Current Price Action/Trends and Pivots: The diagonal red line traces the stock’s downward plunge from its high at around $38.70 at the beginning of 2020 to the stock’s low point, reached in mid-May at around $15. It also provides the baseline for the Fibonacci retracement lines shown on the right side of the chart. The greatest portion of that drop came in one month, from February to March 2020, with the broad market’s nosedive into bear market territory. While the broad market indices, and the largest tech stock rebounded from that point, the stock languished until July, hovering in a narrowing range between support at $15 and resistance at around $18. Since the end of July, the stock started picking up bullish momentum, forming a gradual upward trend into November, pushing to a high at nearly $24 and inline with the 38.2% retracement line in January before dropping back to a recent low at around $20. The stock is picking up bullish momentum again, with immediate resistance at around $23.50. A break above that point should see the stock push to at least $26.50, and possibly to about $29 where the 61.8% retracement line rest. Current support is at around $22, with downside to about $20 if the stock drops below that point.

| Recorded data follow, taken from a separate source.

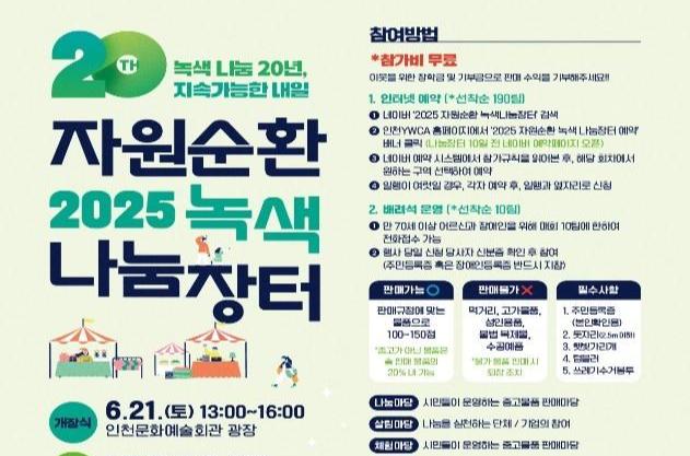 인천광역시(시장 유정복)는 탄소중립 실천과 나눔 문화 확산을 위해 인천시가 주최하고 인천YWCA가 주관하는 '2025 자원순환 녹색 나눔장터'(이하 나눔장터)를 오는 6월 21일 인천종합문화예술회관 광장에서 개최한다고 밝혔다.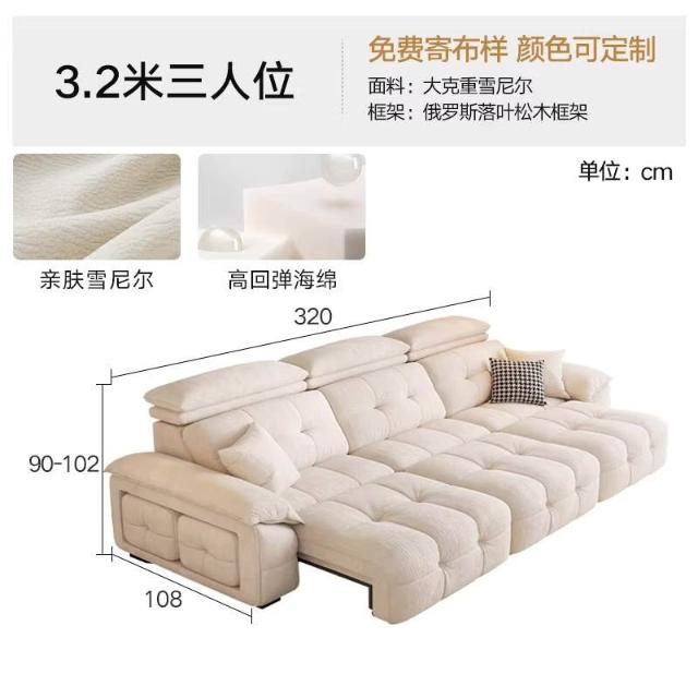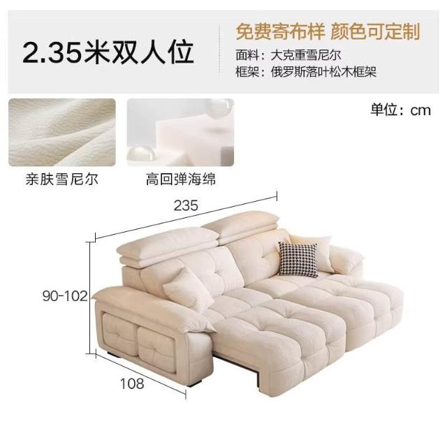 含稅/含運 BOJO雪尼爾沙發床勞倫斯法式奶油風客廳電動家庭影院可躺可睡布藝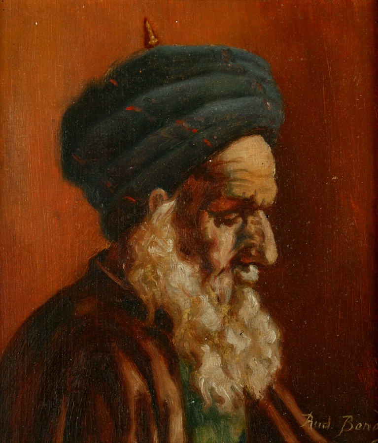 starý obraz, portrét starce patrně Araba, olej na dřevěné desce, 17 x 15 cm s rámem 24 x 22 cm, autor Rudolf Beneš, podepsáno vpravo dole Rud. Beneš, rámováno v původním rámu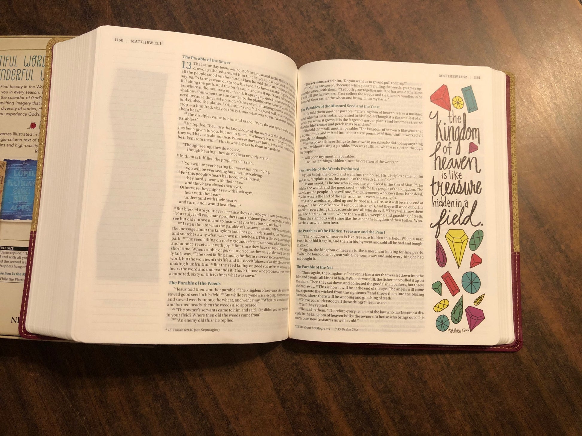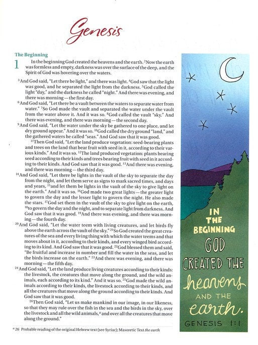 The Beautiful Word bible is a Journaling bible that has select verses full color illustrated throughout the bible.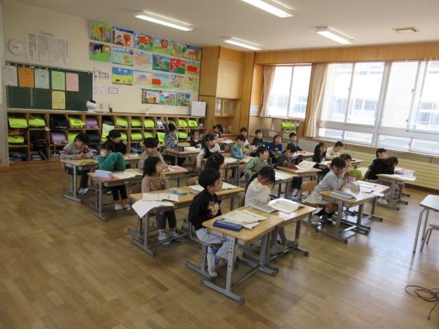国語科の学習で、形のよく似た漢字の違いを見つけています。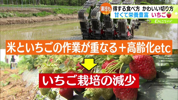 近年、高齢化が進む中、いちご農家は米を作っている方も多く、時期が重なって大変なこともあり、いちごをやめる農家が増えてきました。そこで4年前から比布町の若き生産者たちに、冬いちごの栽培が託されました。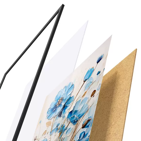 Plakát se skládá z rámu, plexiskla, tištěného obrazu a dřevotřískového podkladu. Díky úchytům na zadní straně lze plakát ihned zavěsit na zeď.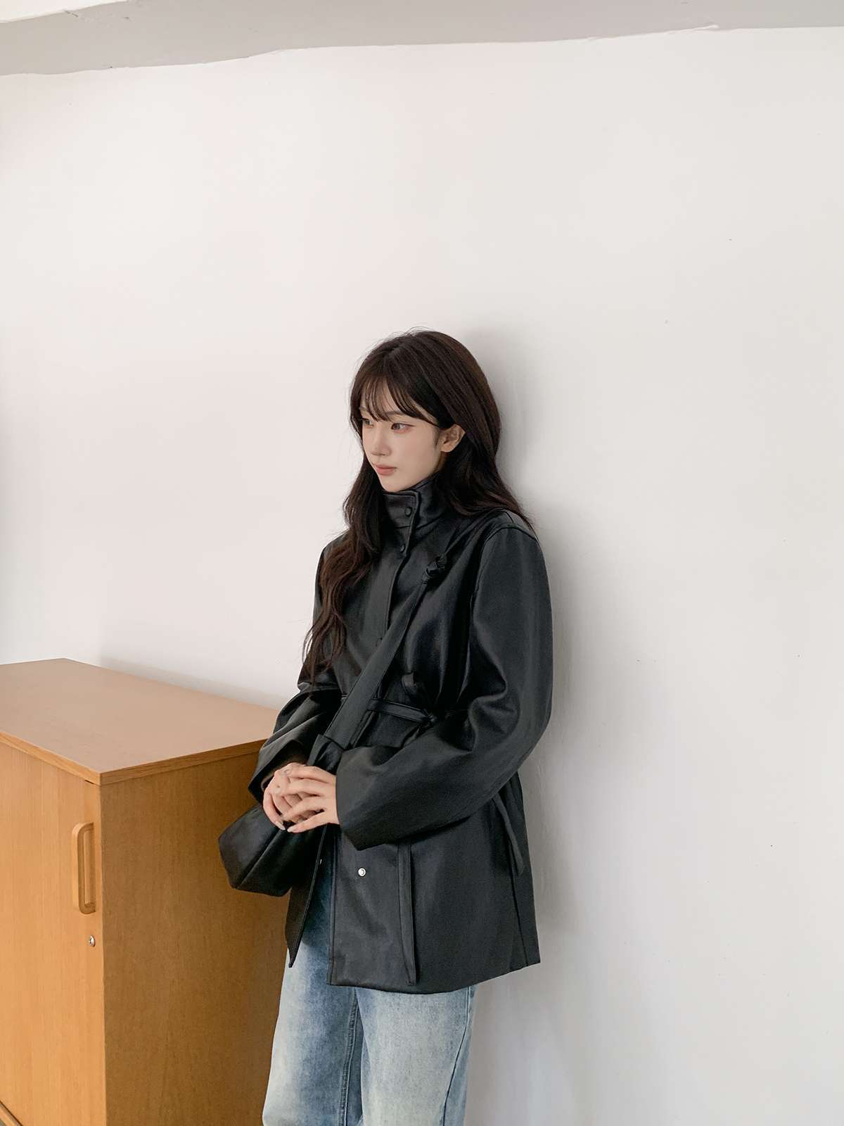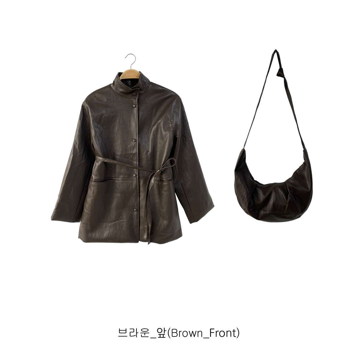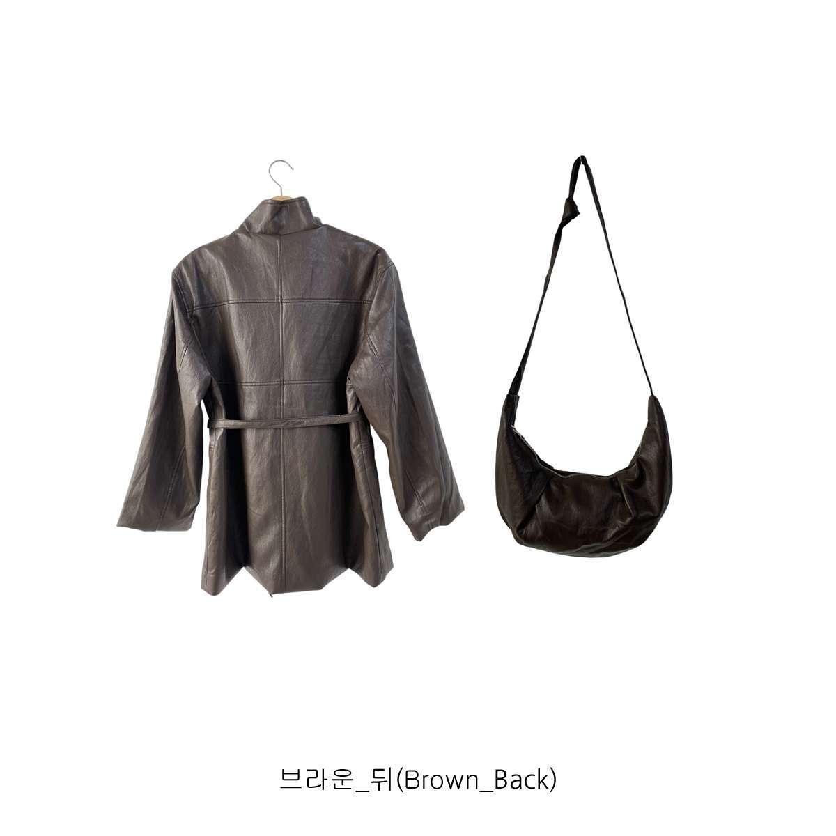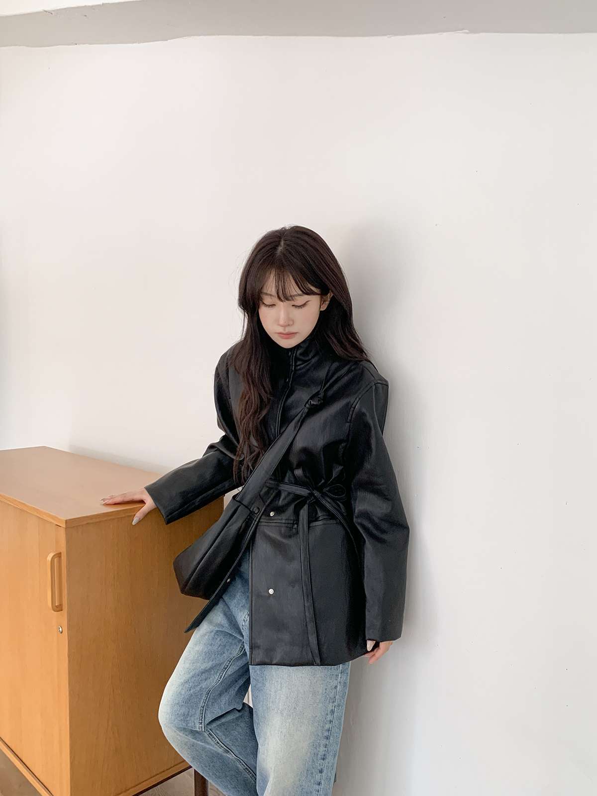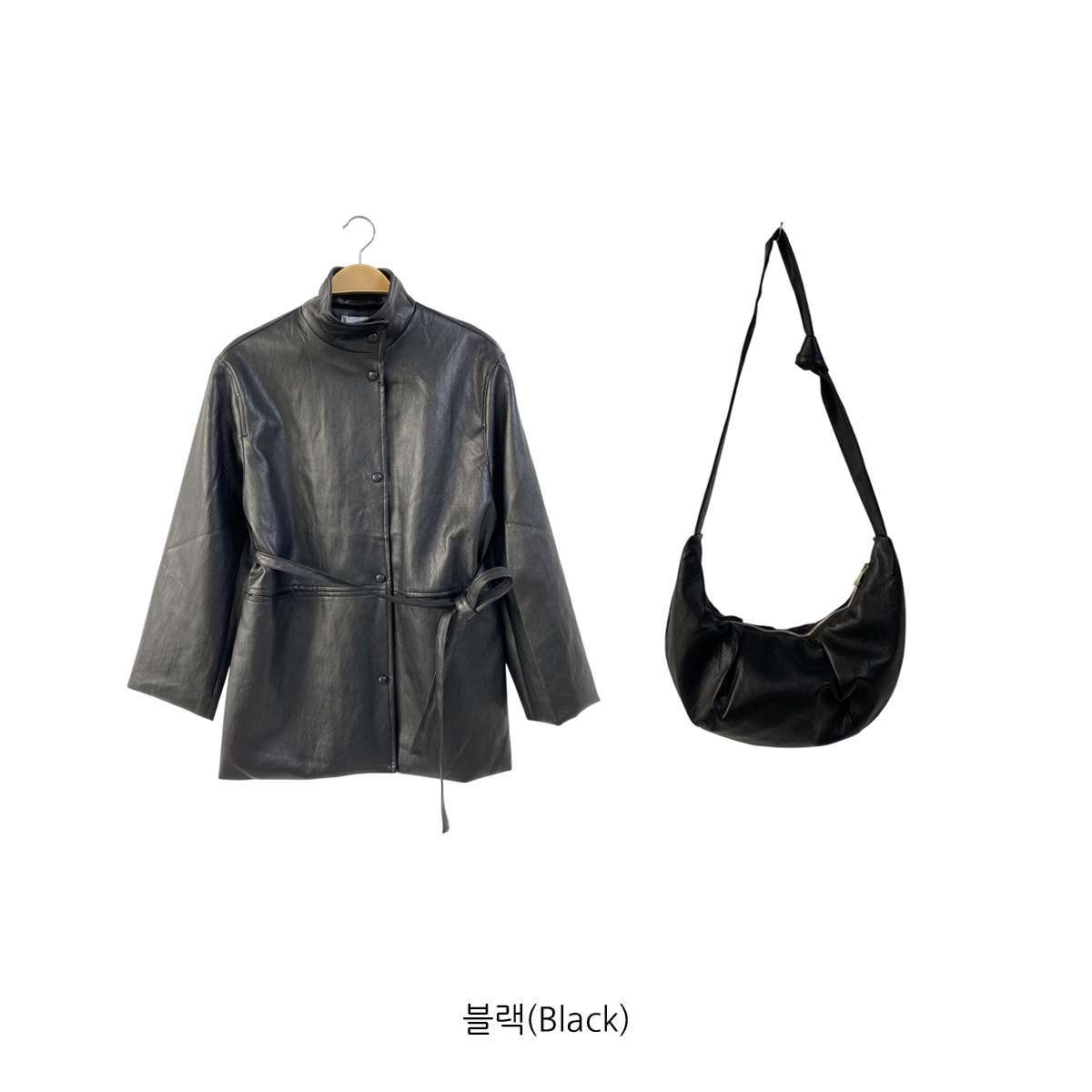 [ JK6045K59-더모드 하이넥 루즈핏 레더 자켓 크로스백 벨트 세트 ]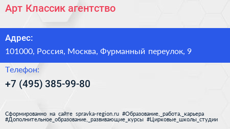 Арт Классик, агентство по адресу 101000, Россия, Москва, Фурманный переулок, 9 в дальнейшем Организация, размещена в следующих категориях: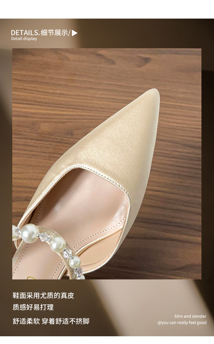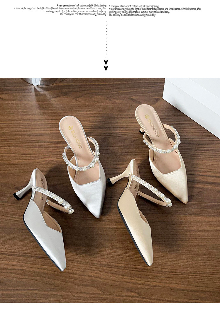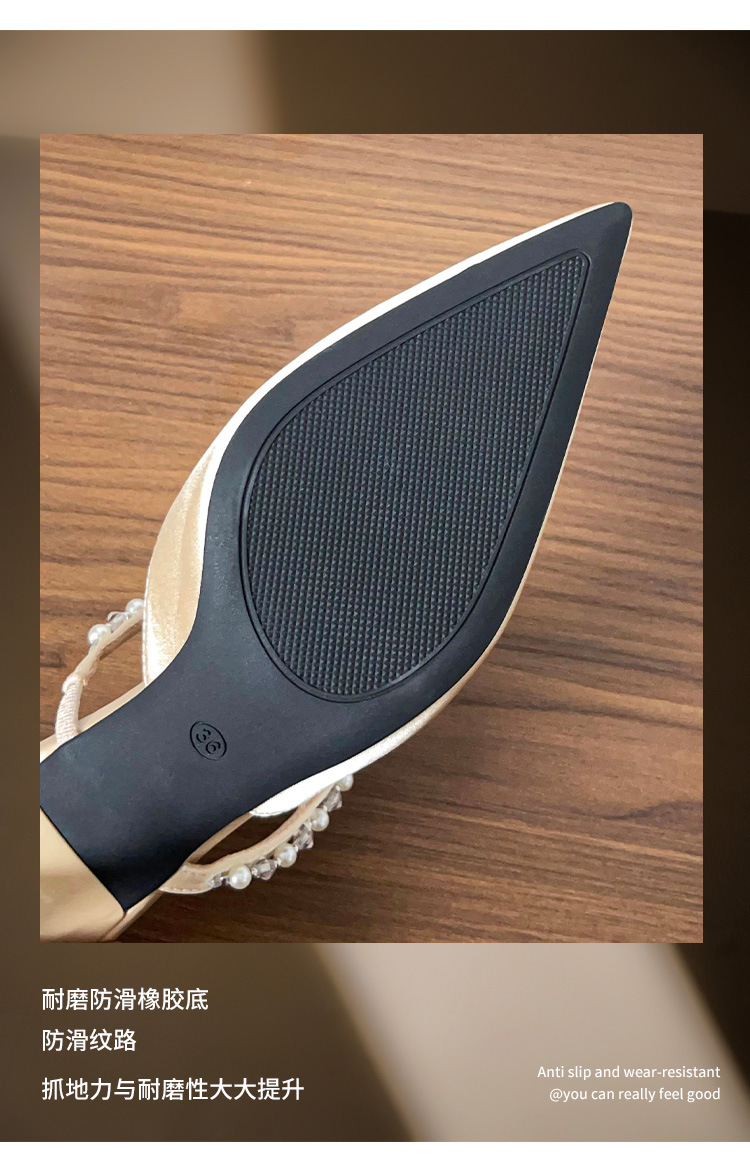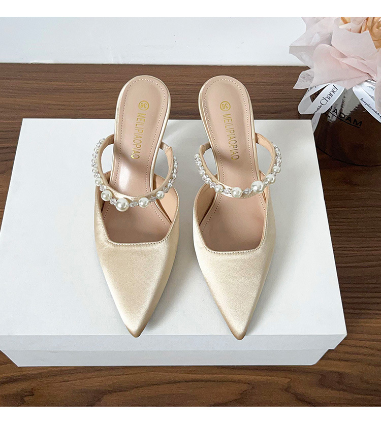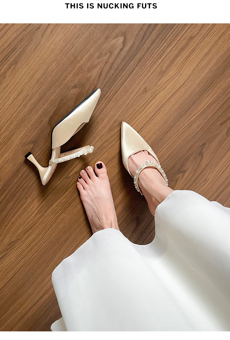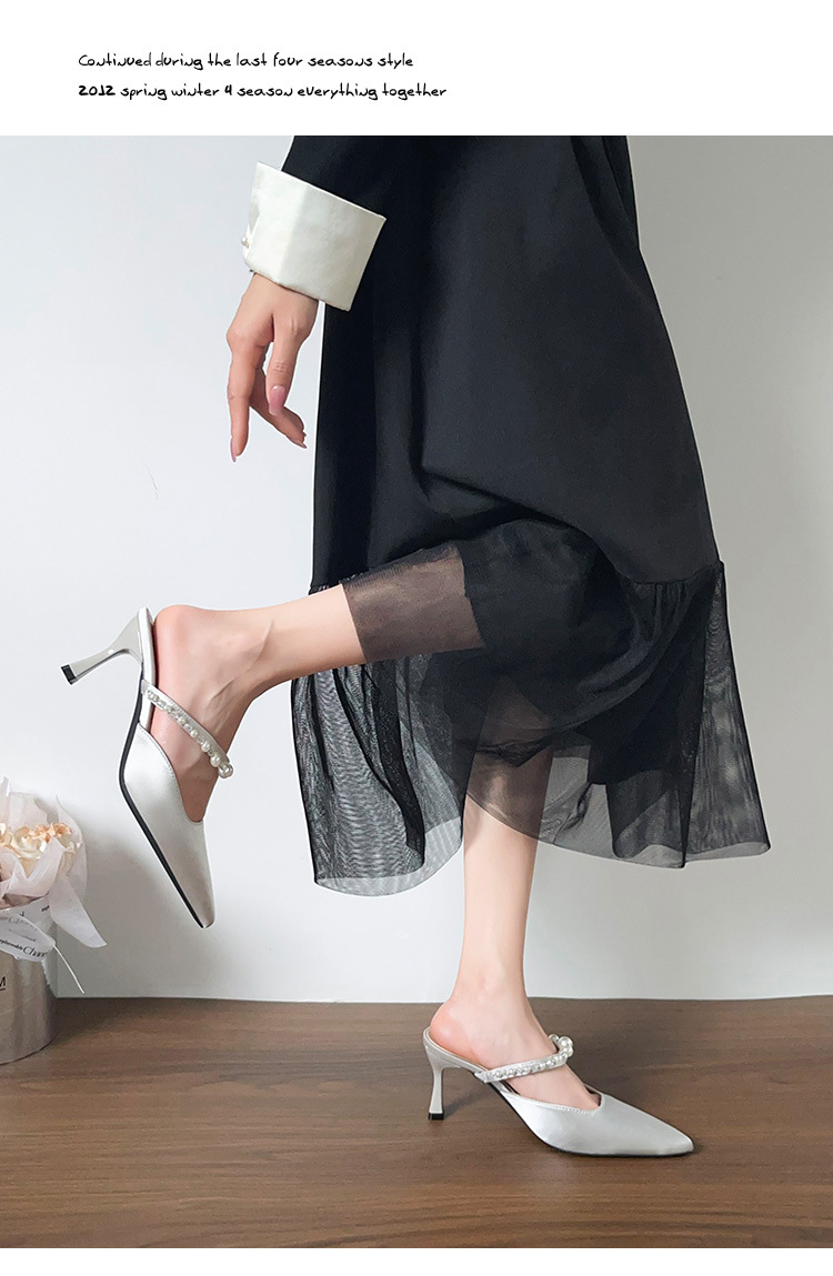 Versión de piel de oveja ~ Sandalias Baotou mujeres de verano con falda puntiaguda con pantuflas de tacón de aguja de perlas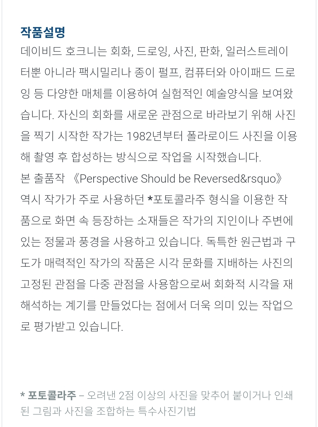 호크니 자신의 회화를 새로운 관점으로 바라보기 위해 1982년부터 폴라로이드로 사진을 촬영해 합성하는 방식으로 작업했다고 하는데, 이 작품은 포토콜라주(2점 이상의 사진을 붙이거나 조합하는 특수 사진 기법) 형식을 이용해서 인물과 정물/풍경으로 사용하고 있습니다.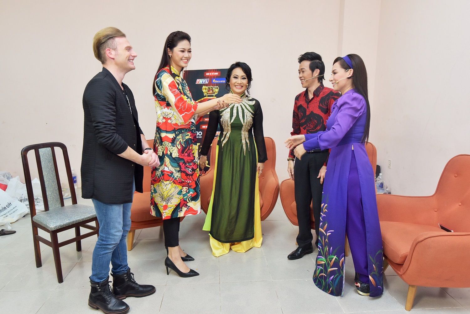 | Kyo York và Ngô Thanh Thanh Tú đã có buổi trò chuyện vui vẻ với giám khảo trước khi ghi hình. |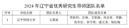 近日,辽宁省教育厅发布《关于公布2024年辽宁省优秀研究生导师、优秀研究生导师团队名单的通知》,材料与冶金学院王国承教授团队获评2024年辽宁省优秀研究生导师团队,这是材料与冶金学院第一个,同时也是安博官网线上平台第二个获此奖项的团队。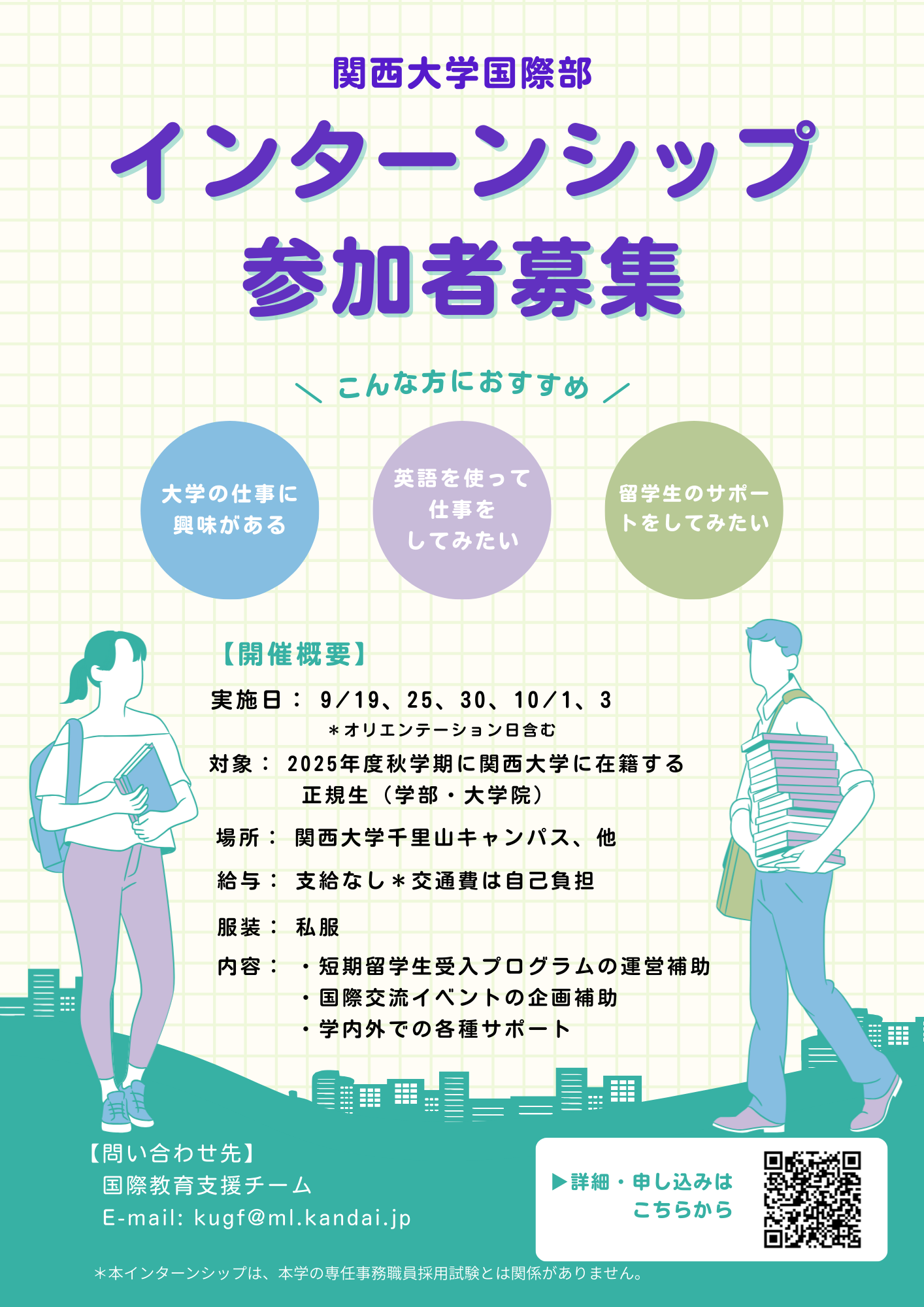 これに伴い、国際部では、プログラムの運営補助やイベント企画を行う、インターンシップ生を下記のとおり募集します。

Near-term Keys: XRX’ value proposition isn’t as useful in the current market environment as it has been; however management’s ability to steer the company through an incredibly difficult year is impressive, and is reflected by its the overall core strength in its balance sheet. The fundamental, and value proposition would be strengthened by continued improvement in Net Income on a quarterly basis, with a stabilization in Free Cash Flow, cash, and long-term debt levels that would be a good sign that the this year’s challenges are really a simple reflection of a unique moment in time for the market. If you prefer to work with short-term trading strategies, you could use a break above $23.50 as a signal to buy the stock or work with call options, with a near-term price target at around $26.50. If the stock drops below $22, you can consider shorting the stock or buying put options, using $20 as a quick-hit profit target on a bearish trade.